Not at all the same thing.

This is what I don’t understand:

776.013(1) says:

(1) A person is presumed to have held a reasonable fear of imminent peril of death or great bodily harm to himself or herself or another when using defensive force that is intended or likely to cause death or great bodily harm to another if:
(a) The person against whom the defensive force was used was in the process of unlawfully and forcefully entering, or had unlawfully and forcibly entered, a dwelling, residence, or occupied vehicle, or if that person had removed or was attempting to remove another against that person’s will from the dwelling, residence, or occupied vehicle; and..

Translated to mundane English, it literally says that if you shoot somebody while entering, or inside your home, then it is presumed that you were in “reasonable fear of imminent peril of death or great bodily harm.”

We need to remember that 776.012 says:
However, a person is justified in the use of deadly force and does not have a duty to retreat under those circumstances permitted pursuant to s. 776.013.

Then, in mundane English again, that sounds like 776.012 is saying that those circumstances defined under 776.013 justify the use of deadly force.

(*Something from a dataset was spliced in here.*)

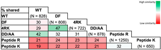 Similarity index for protein interactors. Heat map of the Jaccard similarity indices for the indicated pairwise comparisons. Number of genes in the interactome list indicated in the horizontal row in common with the interactome shown at the top (WT: wt-CFTR interactome, DF: F508del-CFTR interactome, 4RK: F508del-4RK-CFTR interactome, DD/AA: DD/AA-CFTR interactome for full-length CFTR and Peptide R and K interactomes). % shared (similarity) was obtained using the Jaccard similarity index.

I don’t understand the difference. And of course, I am assuming the person shot is not wifey, or her mother, or a police officer or somebody with a legal right to be there.

By the way, I am NOT saying Andrew is wrong. He’s the expert. I am just trying to understand the subtleties.

    I’ll let Andrew correct if necessary, but here’s the upshot:

    Section 12 is dealing with the justification in the use of the deadly force. i.e. when you CAN use deadly force (regardless of if you actually do). Also, this means that, pursuant to Sec. 13 below, if the state fails to prove that your particular force was ‘unreasonable’ then you get a directed verdict of ‘not-guilty’ because the State cannot legally meet their “criminal” burden of proof.

    Section 13 is dealing with the presumption that the use of force was reasonable (meaning that the burden shifts to the State to prove that your particular use of force was ‘unreasonable’ under the circumstances). Usually in a ‘self-defense’ context, the DEFENDANT has the burden to show that use of force was reasonable.

    Notice it is not an ‘irrebuttable’ presumption. In this, you have ALREADY used deadly force to protect yourself, and the likelihood is that you WILL be arrested and charged with murder (because most “screening” prosecutors don’t have a CLUE as to what is an appropriate response to a home invasion, and are largely WORSE than an AUTO-PEN in terms of providing an actually balanced presentation to a Grand Jury. Those prosecutors have a nasty habit of ‘forgetting’ to present exculpatory evidence. Funny how that works. I’m just a ~little~ bitter.

healthguyfsu | May 6, 2014 at 2:12 am

Forgive my ignorance of state legislature in Florida but how does a bill get ZERO votes in any committee?

Was the proposing senator not in one of the committees it was referred to? Does she have zero chums in any of the three?

I’m happy with the defeat but it seems a little bizarre how such a manufactured publiversy had absolutely zero real support.

    tom swift in reply to healthguyfsu. | May 7, 2014 at 12:04 pm

    They can vote to table it, delaying its consider until some future date, which often means never. That means no votes for or against.

    Even if such a bill should come up for a vote, it may not get any. Good examples are Charlie Rangle’s perennial bills to reactive Selective Service. Whenever one of these manages to avoid being tabled and makes it to a vote, not even Rangle is dumb enough to vote for it.